• What the exercise asks:
Repeat exactly the lines that run from the start of the records below to the line with "這一大片杉樹林是由張家界國營", including both of those lines but not the pictures.

• Material for this exercise:
──────

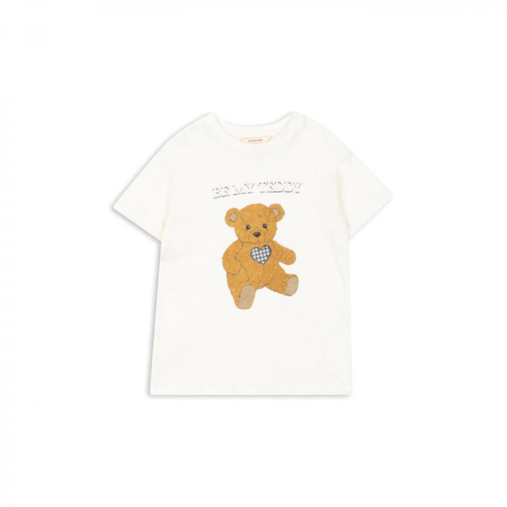 Linen blend tee with a soft texture. Classic design with short sleeves and crewneck. Snap button opening on shoulder for sizes up to 18 months for easy dressing.
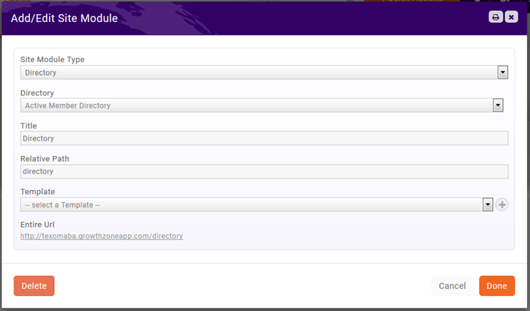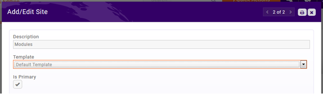 Under the Module Page Settings, click the <No Pages> link or Actions > Modules/Pages then click the orange Add Module button to choose a module to set up. You do not need to select a Template if you have assigned a default template to the site as described in the previous step.
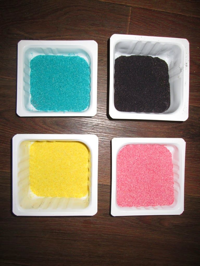 - След като е смесен и напълно оцветен, грисът се изсушава върху хартия.
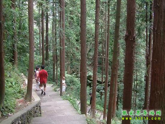 這一大片杉樹林是由張家界國營林場(張家界國家森林公園的前身)工人們種植的。過去“大煉鋼鐵”運(yùn)動,差點(diǎn)把張家界的山頭全部變成了光頭。后來,一些林場工人抱著“頭發(fā)白在張家界,牙齒掉在張家界,死了埋在張家界”的決心,“獻(xiàn)了青春獻(xiàn)終身,獻(xiàn)了終身獻(xiàn)子孫”,發(fā)誓要植樹造林,綠化張家界。幾十年過去了,許多人綠了青山白了頭,他們的心愿終于變成了眼前的現(xiàn)實(shí)。腳下這條彎彎曲曲而又平平整整的游道是20世紀(jì)80年代修建的。漫步其上,山風(fēng)陣陣、鳥雀聲聲、奇花朵朵,群峰在樹林中若隱若現(xiàn),很有“蟬鳴林逾靜,鳥鳴山更幽”的幽靜與“采菊東籬下,悠然見南山”的悠然。
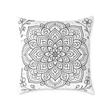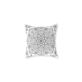 Sink into a quiet moment with this square poly canvas pillow. The soft, finely woven canvas carries a hand-drawn mandala that invites slow breaths and lingering stares. It sits low on the floor or leans against a sofa, adding calm geometry and subtle contrast without shouting. The double-sided print keeps the pattern consistent no matter how you flip it, while the concealed zipper keeps edges clean and the look uninterrupted. Bright, lasting inks keep the lines crisp through everyday use, and the sturdy polyester filling holds shape so the pillow stays plump where you need support. It’s the kind of accent that quietly organizes a reading nook, deepens a meditation corner, or brings a settled note to a living room spread during a housewarming or relaxed weekend gathering.

──────

• Reply to the task:
 Linen blend tee with a soft texture. Classic design with short sleeves and crewneck. Snap button opening on shoulder for sizes up to 18 months for easy dressing.
 Under the Module Page Settings, click the <No Pages> link or Actions > Modules/Pages then click the orange Add Module button to choose a module to set up. You do not need to select a Template if you have assigned a default template to the site as described in the previous step.
 - След като е смесен и напълно оцветен, грисът се изсушава върху хартия.
 這一大片杉樹林是由張家界國營林場(張家界國家森林公園的前身)工人們種植的。過去“大煉鋼鐵”運(yùn)動,差點(diǎn)把張家界的山頭全部變成了光頭。后來,一些林場工人抱著“頭發(fā)白在張家界,牙齒掉在張家界,死了埋在張家界”的決心,“獻(xiàn)了青春獻(xiàn)終身,獻(xiàn)了終身獻(xiàn)子孫”,發(fā)誓要植樹造林,綠化張家界。幾十年過去了,許多人綠了青山白了頭,他們的心愿終于變成了眼前的現(xiàn)實(shí)。腳下這條彎彎曲曲而又平平整整的游道是20世紀(jì)80年代修建的。漫步其上,山風(fēng)陣陣、鳥雀聲聲、奇花朵朵,群峰在樹林中若隱若現(xiàn),很有“蟬鳴林逾靜,鳥鳴山更幽”的幽靜與“采菊東籬下,悠然見南山”的悠然。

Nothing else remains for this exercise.